Clear plastic macramé tops and bondage ties (that, incidentally, were done by hand), accompanied woven ropes that crisscrossed sparkling organza dresses and cloque full circle skirts, which were adorned with scattered crystals. The “rope” treatments also came through as patterning on sheer olive dresses while Kimono printed sheaths were balanced with puff sleeves – a treatment held throughout.

However, it was the wide ties wrapping around the neck, arms and bare backs of whisper weight silk floral-print dresses, ending in soft bows that begged notice. Rochas said she was thinking of a “hyper-modern femininity”, the idea of which came through in the boxy, cropped Neoprene dresses that appeared almost sculpted with enlarged bows and patch pockets on shoulders and hips. Rocha’s captivating collection embodied all the right elements – sexuality, and femininity bound together with innovative techniques and attentive moments of quirkiness.

Theme: Soft bondage.

Key Items: Macramé plastic tops, kimono sheaths, puffed sleeved dresses, full skirts, empire line dresses.
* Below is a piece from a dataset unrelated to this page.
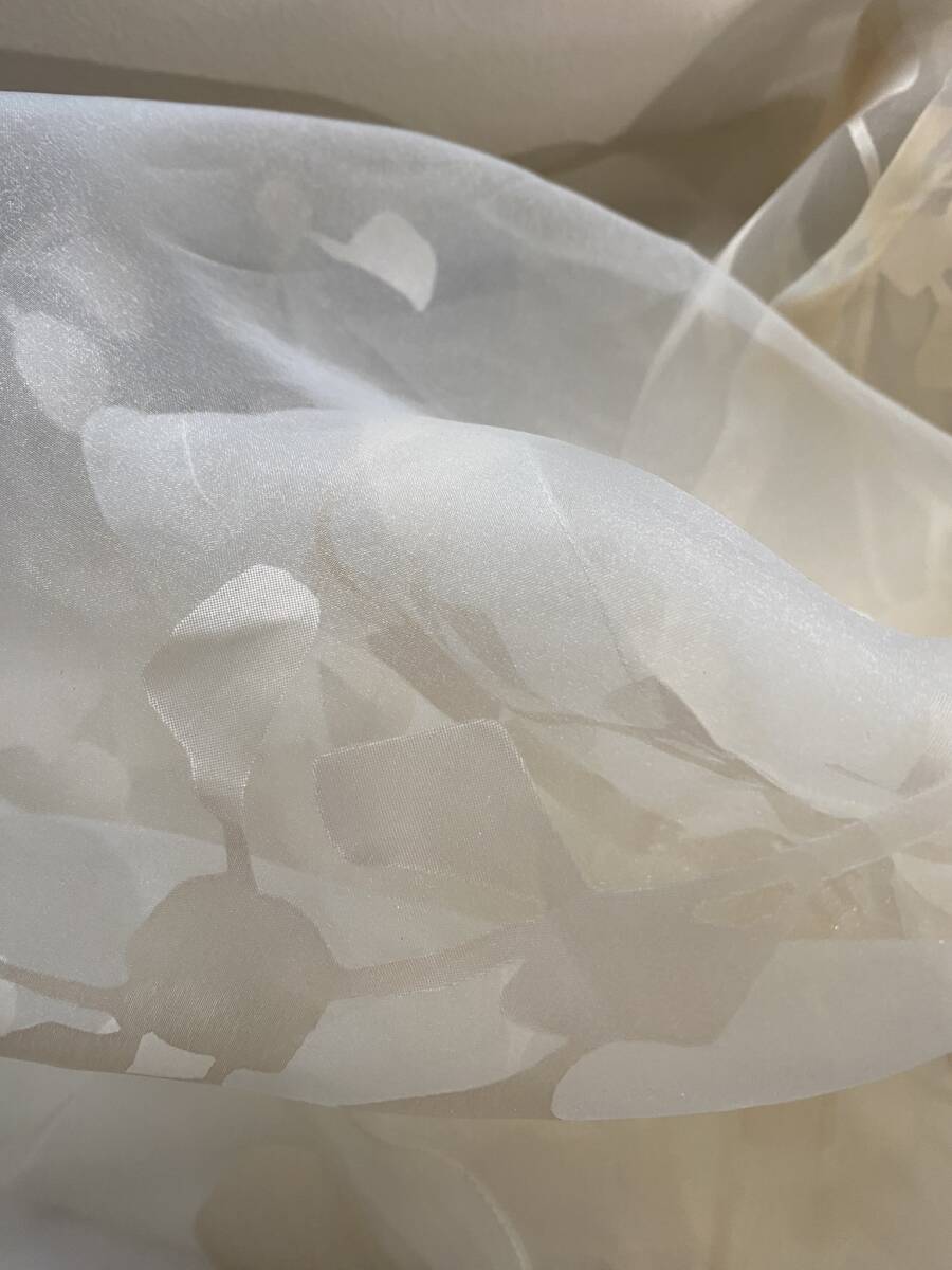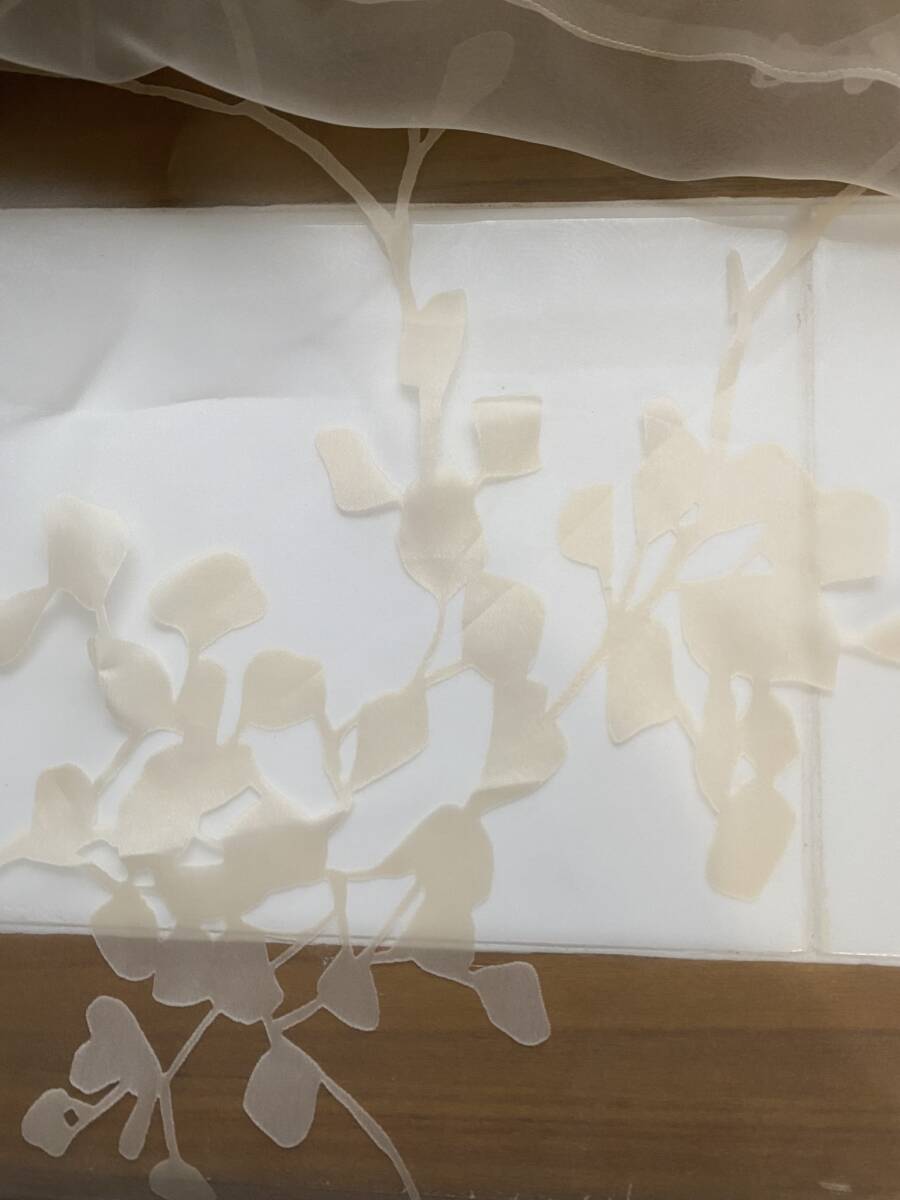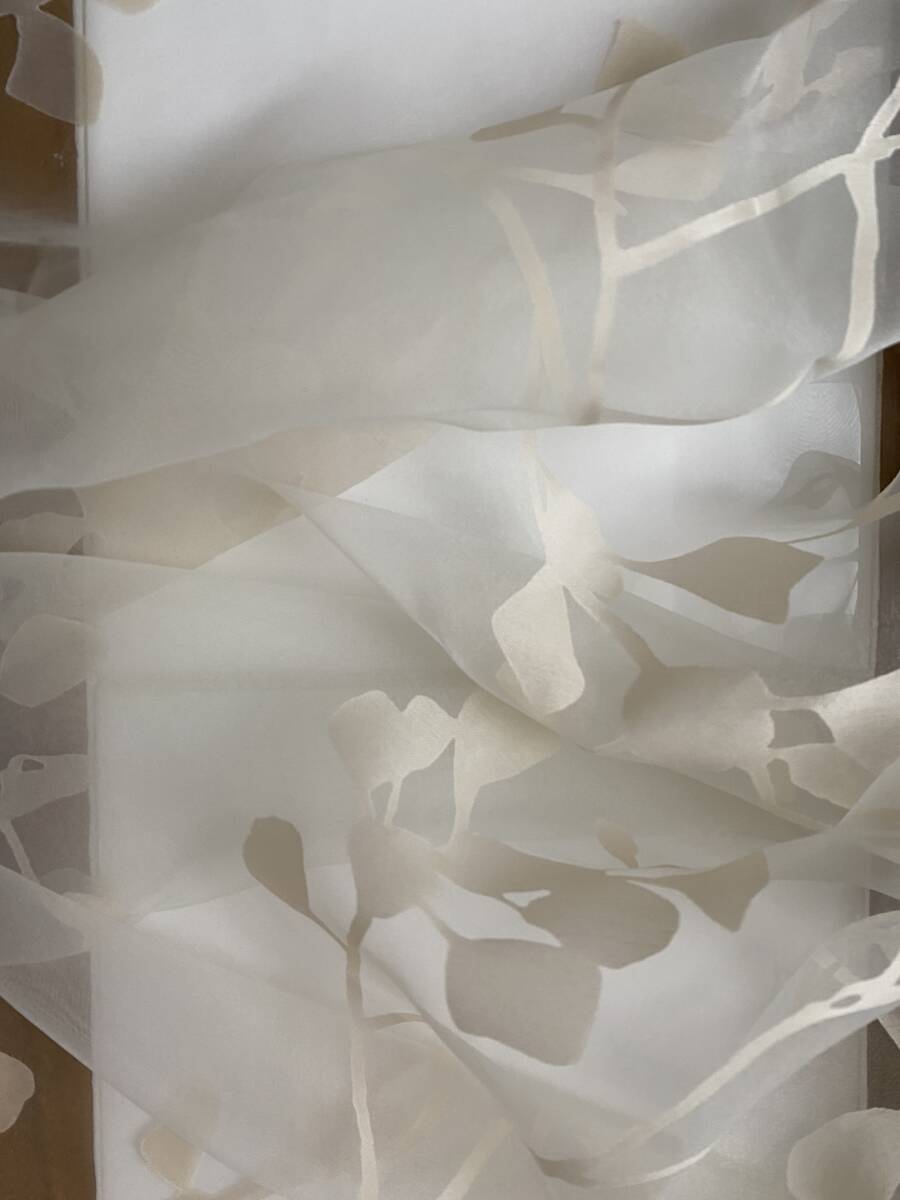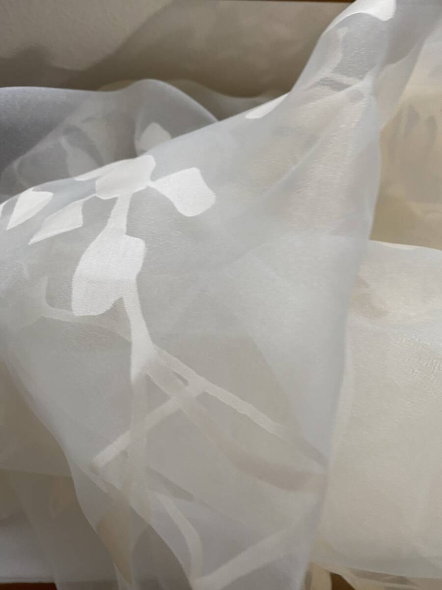 薄くて軽く、高級感のあるオーガンジーの様な生地です。ウエディングベールの様に、透け感があり、触った感じは少しハリがあります。

Colour: Pink, black, white, olive, sepia.

Print and Pattern: Stylised chrysanthemums, photographic bamboo foliage, vintage kimono prints.

Trims and Materials: Lace, silk organza, cotton jacquard, neoprene, plastic tubing, crystals, 3-D embellishment,

Footwear and Accessories: Plastic lace-up flats, lace up brogues, large Crystal glass earrings, metallic thread hose, plastic bracelets.